BKs are also well-known for their charitable acts, especially on Mount Abu, where they have established themselves as teachers and healers. A modern hospital provides low-cost care for not just the BK community but the entire population of Rajasthan. (A visit to the dentist and an ex-ray for an infected tooth cost me only $10.) Several years ago Dr. Vinay Laxmi, a charming gynaecologist, launched a program in several surrounding villages to provide natal care for mothers and good nutrition for their children. I visited one of the villages and met ‘miracle children’ who would have died or been severely crippled from malnutrition and sickness were it not for the BKs’ dedication. Dr. Laxmi and I parted with a warm hug. Eyes twinkling behind her glasses, she murmured, “Remember, God is just one thought away.”
BK communities everywhere help coordinate local interfaith engagement since their students often follow other religions. I encountered Christians, Hindus, Sikhs, Muslims, Jews, and Buddhists and all manner of free-lance ‘spiritual seekers’ on Mount Abu, the highest peak in the Aravali Range. No one, the BKs emphasize, is asked to relinquish his or her faith or religious practice. The meditative exercises they teach to quiet the mind – Raja Yoga – is extremely user-friendly.
Dressed in their white saris, BKs can be found at interfaith gatherings large and small. They regularly participate in Parliament of the World’s Religions and United Religions Initiative activities.
My interview with Dadi Janki, facilitated by a young, articulate assistant, Suman Kalra from England, was both delightful and inspiring. Perpetually in motion as she travels the world, Dadi Janki logs as many miles as an airline pilot, but with no visible signs of fatigue. She told me that she never suffers from jet lag and boards and deplanes without feeling the stress of changing time zones, climates, or cultures. She’s travelling on divine clock time, she assures me, so her body doesn’t register the variations. At 95, day after day, she receives guests and adherents, one after another, hour after hour. Each connection is an opportunity to speak about her passion for promoting “peace of mind.”

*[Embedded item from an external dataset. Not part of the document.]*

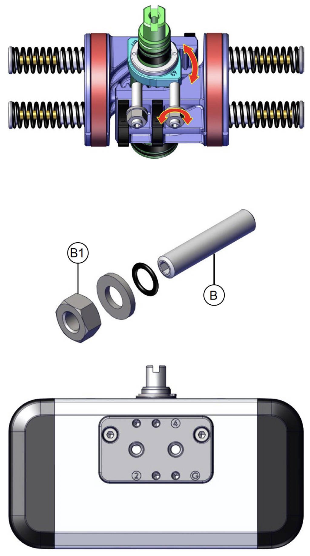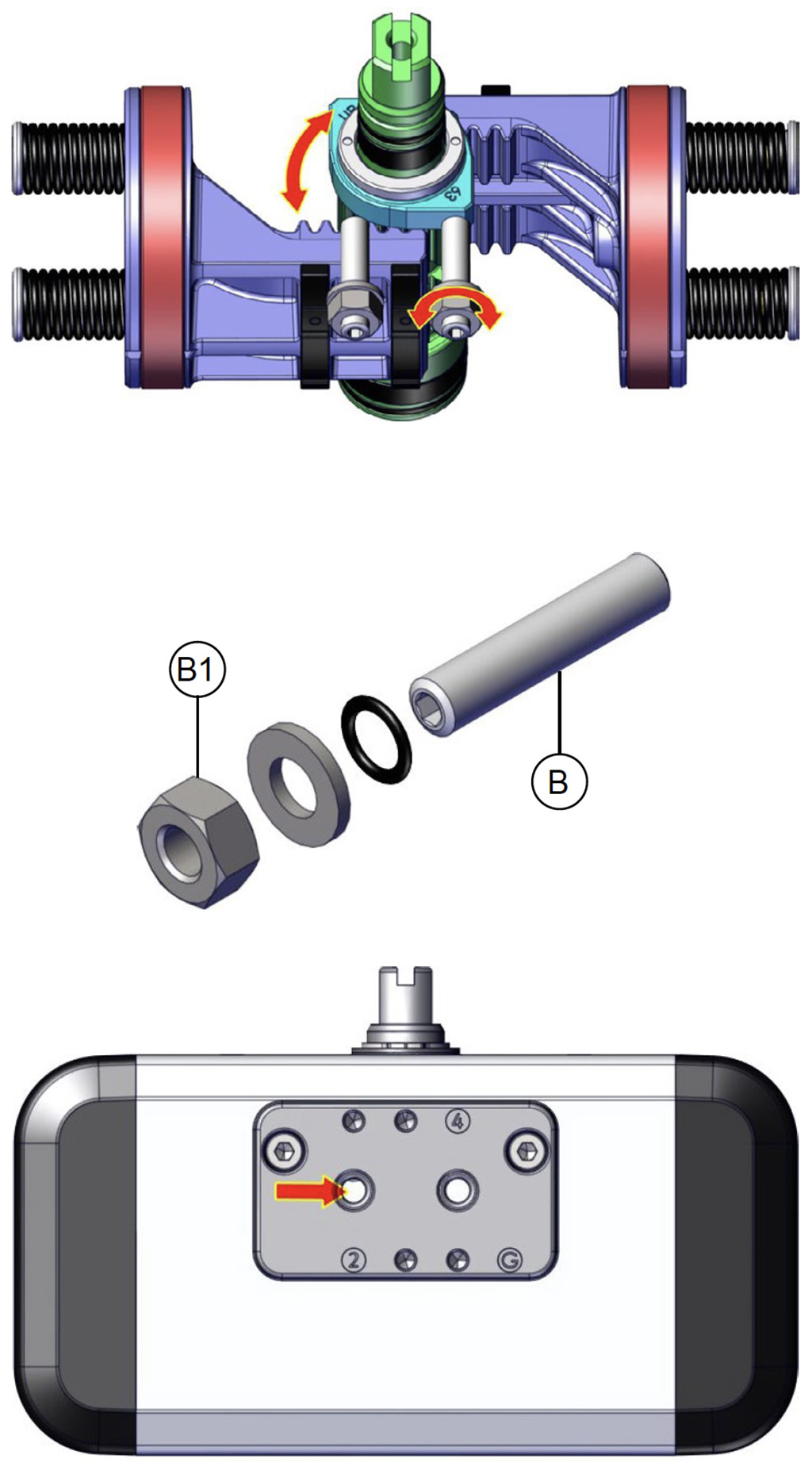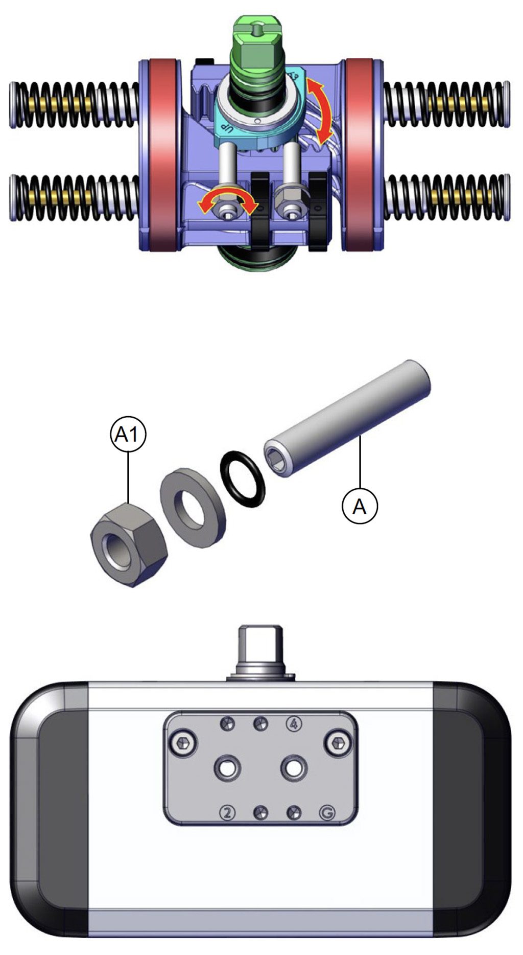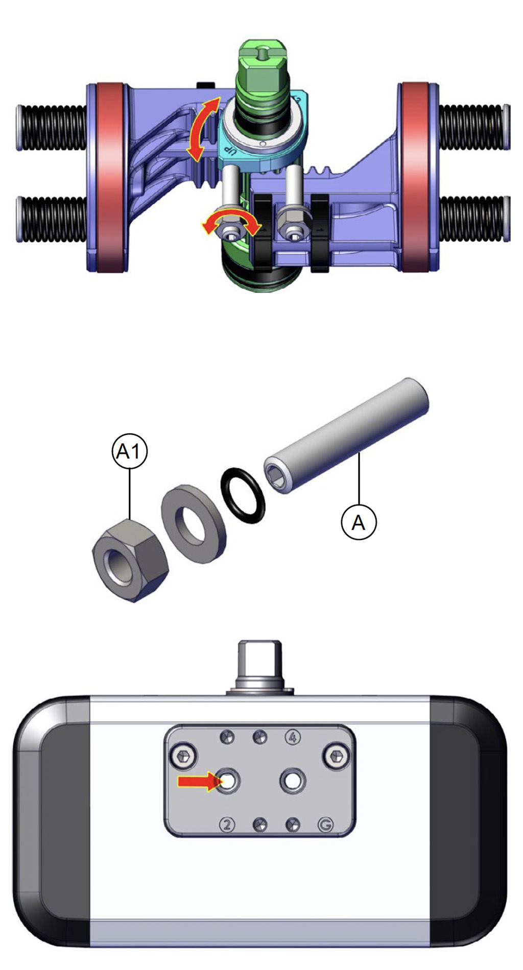 A) Assicurarsi che non ci sia aria in pressione nell’attuatore (in nessuna delle due camere).

We can achieve that peace of mind, Dadi Janki and her BK sisters and brothers suggest, through regular meditation and an understanding that we are each divine souls, fundamentally and irrevocably connected to the Supreme Being. When we get absorbed in our outer material “package,” our bodies, we disconnect from our spiritual source. Dadi is convinced that is how we have lost our way and cannot achieve world peace.

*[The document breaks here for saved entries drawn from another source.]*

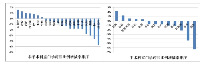 4各科室门诊药品比例与去年同期对比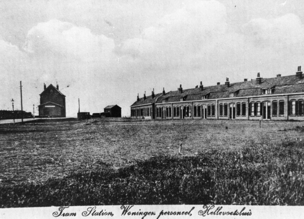 Foto, zwart/wit, Hellevoetsluis tramstation. Naast het station bevonden zich diverse tramhuizen waarin personeel van de RTM met hun gezinnen woonden. In de Tweede Wereldoorlog werden deze woningen afgebroken. Op dezelfde plaats werd een opstelterrein aangelegd voor voertuigen die met de veerboot naar Middelharnis moesten.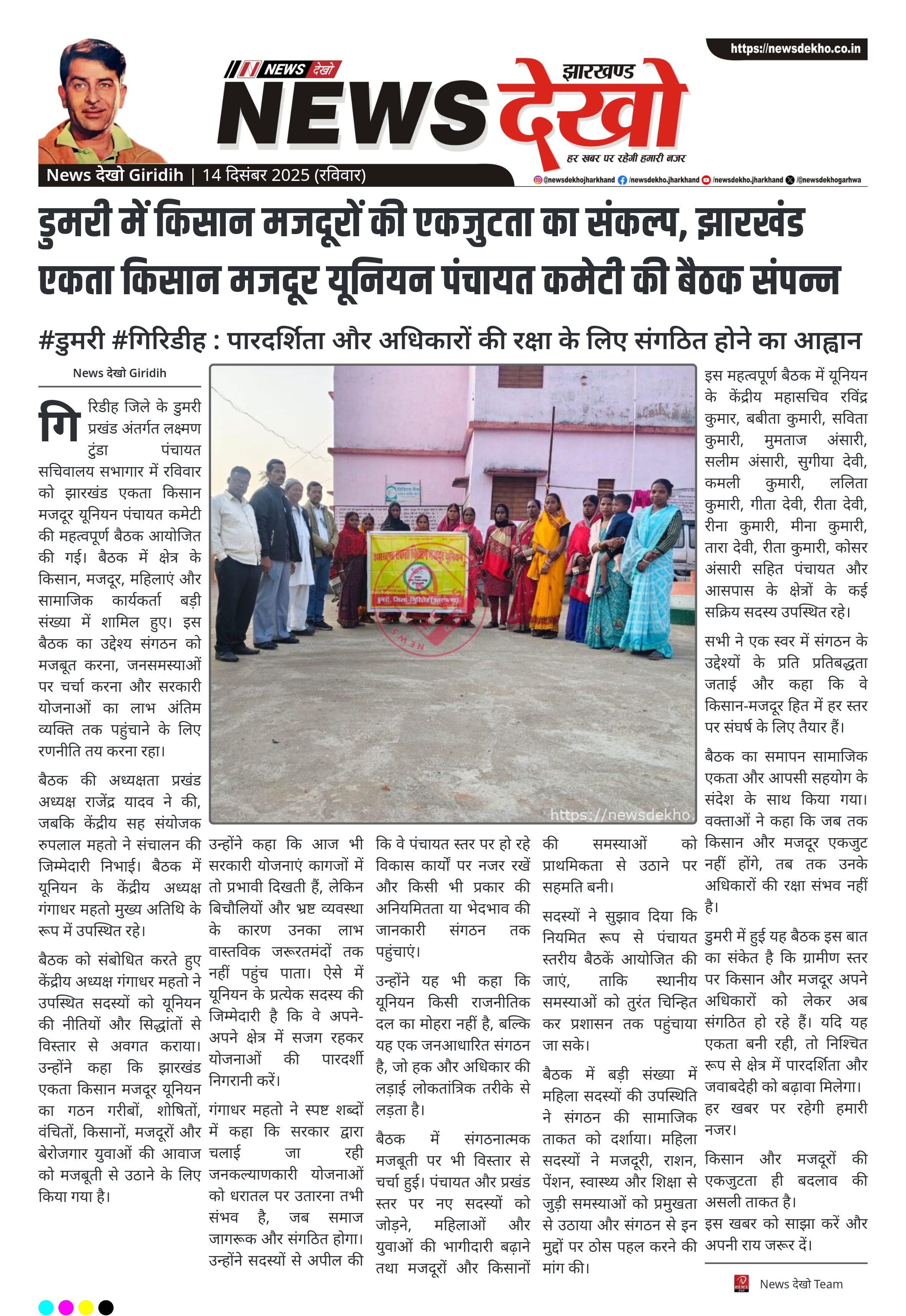 गिरिडीह जिले के डुमरी प्रखंड अंतर्गत लक्ष्मण टुंडा पंचायत सचिवालय सभागार में रविवार को झारखंड एकता किसान मजदूर यूनियन पंचायत कमेटी की महत्वपूर्ण बैठक आयोजित की गई। बैठक में क्षेत्र के किसान, मजदूर, महिलाएं और सामाजिक कार्यकर्ता बड़ी संख्या में शामिल हुए। इस बैठक का उद्देश्य संगठन को मजबूत करना, जनसमस्याओं पर चर्चा करना और सरकारी योजनाओं का लाभ अंतिम व्यक्ति तक पहुंचाने के लिए रणनीति तय करना रहा।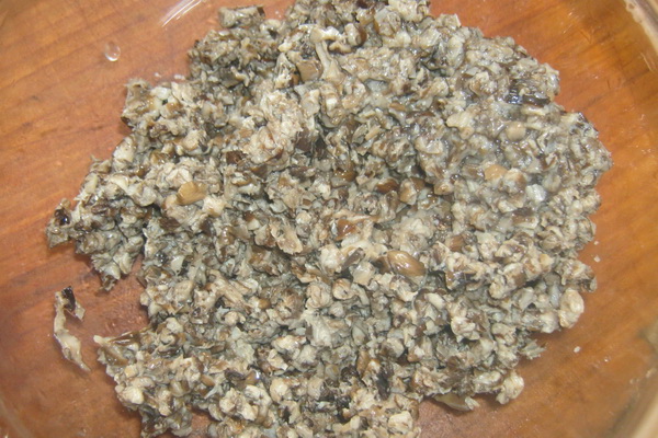 Laisser les champignons refroidir et les broyer dans un hachoir à viande.
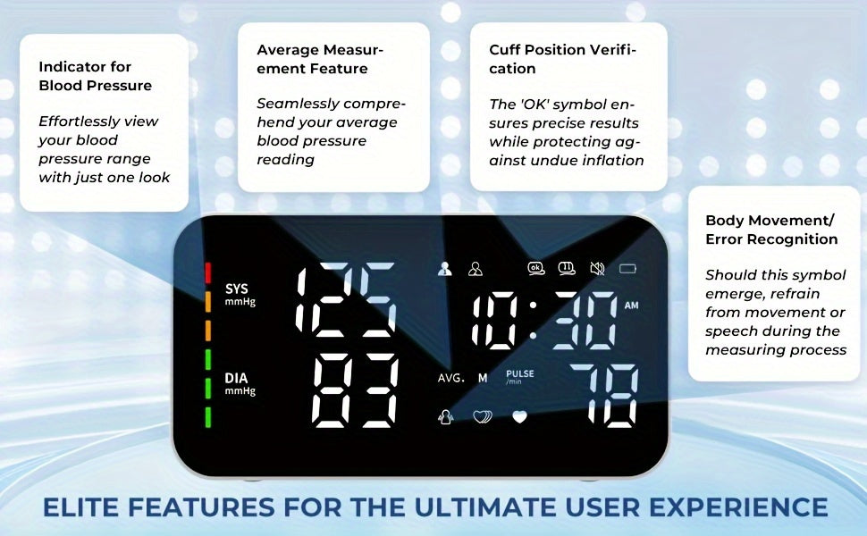 Features: Big Screen;One-piece;Intelligent Pressurization;Voice Broadcast;Irregular Heartbeat Reminder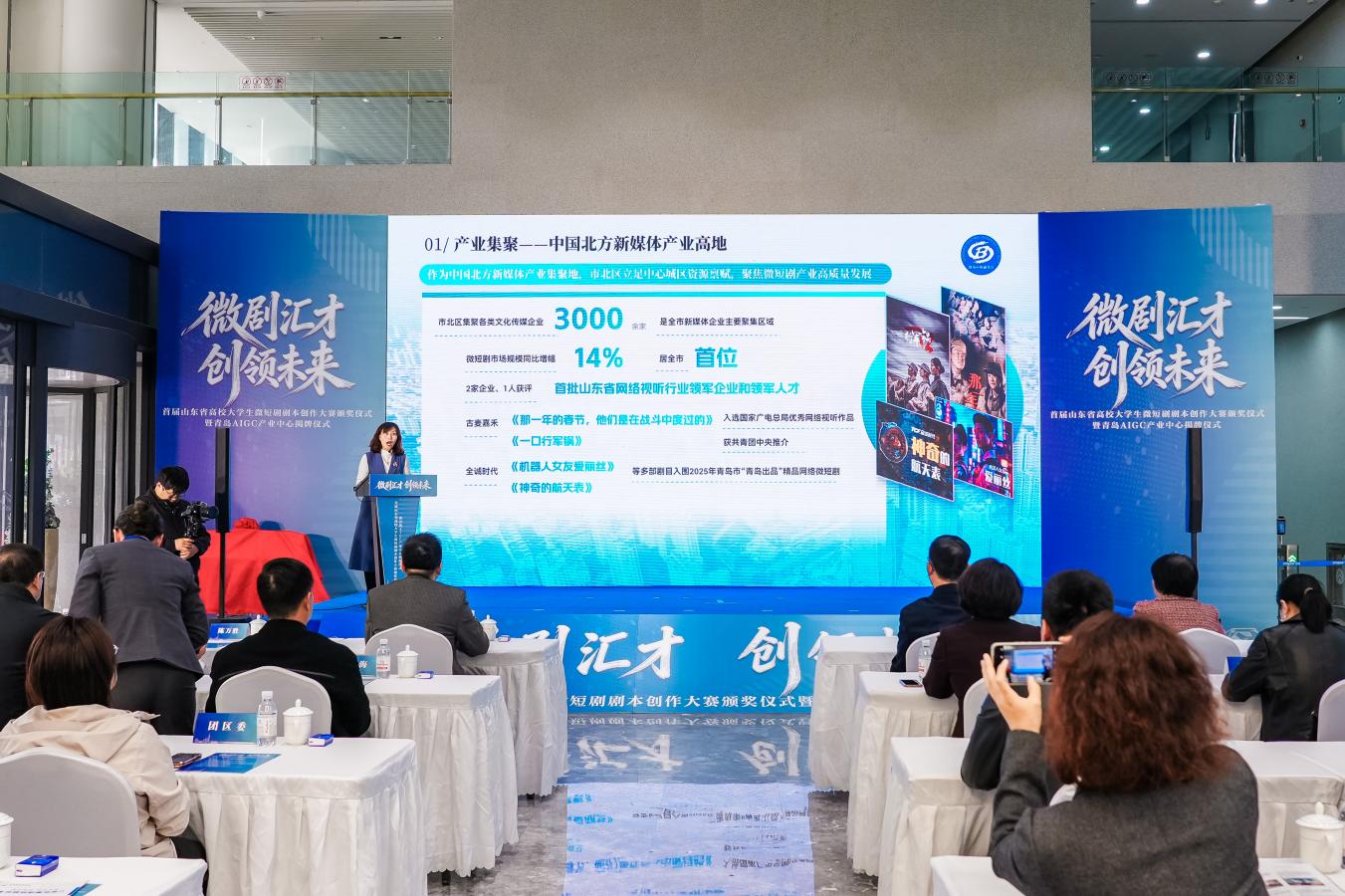 3月27日,“微劇匯才 創領未來”首屆山東省高校大學生微短劇劇本創作大賽頒獎儀式暨青島AIGC產業中心揭牌儀式在浪潮青島大數據產業園成功舉辦。省、市、區相關領導及部分駐魯高校師生代表、重點新媒體企業代表等100余人出席活動。

After speaking, she offers each one in the room toli, a sweet desert accompanied by an inspirational card and the silent blessing of her gaze. She showered me with gifts at the end of the interview but insisted that she didn’t need a gift from me. My visit was “her gift,” she told Suman, who translated for us.

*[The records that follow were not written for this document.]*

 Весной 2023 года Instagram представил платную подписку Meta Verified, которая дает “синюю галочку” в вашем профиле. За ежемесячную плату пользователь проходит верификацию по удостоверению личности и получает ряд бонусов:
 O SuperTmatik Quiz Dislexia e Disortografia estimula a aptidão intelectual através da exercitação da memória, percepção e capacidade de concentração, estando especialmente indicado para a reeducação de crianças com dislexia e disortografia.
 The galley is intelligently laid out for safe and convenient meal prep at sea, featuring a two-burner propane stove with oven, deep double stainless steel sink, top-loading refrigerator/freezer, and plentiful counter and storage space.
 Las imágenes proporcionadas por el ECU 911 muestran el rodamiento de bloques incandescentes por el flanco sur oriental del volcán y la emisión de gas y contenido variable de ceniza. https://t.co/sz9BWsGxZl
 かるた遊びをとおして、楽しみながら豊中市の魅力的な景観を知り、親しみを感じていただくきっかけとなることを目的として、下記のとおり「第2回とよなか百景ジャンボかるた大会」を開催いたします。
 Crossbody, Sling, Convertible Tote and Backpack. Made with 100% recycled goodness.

Nevertheless, the next day I was able to sneak a gift into her hands: a tiny wooden oval box that served as a pencil sharpener. She opened the box to discover a bright-red wooden ladybug, wiggling and jiggling. On the inside cover the message read “I love you.” Dadi Janki laughed heartily in pure, unadulterated enjoyment. For a moment I imagined this 95-year-old sage as a six-year-old child. I managed to plant a quick kiss on her forehead before taking my leave. Her sweet smile in response still lingers with me.
Many charming and memorable stories were shared about Dadi Janki that week. I particularly relished the one about political leaders and heads of state who were invited to experience “peace of mind” at a special retreat for them at Mount Abu. “You are most welcome to attend,” Dadi Janki told them all, “but leave your thrones behind. Here we all sit in the same kind of chair.”
Completing these lines, it occurs to me that I’ve been sitting for more than three hours at my computer without a “check in.” A delicious “peace of mind” moment greets me as I slip past the demands of the day. Traffic control!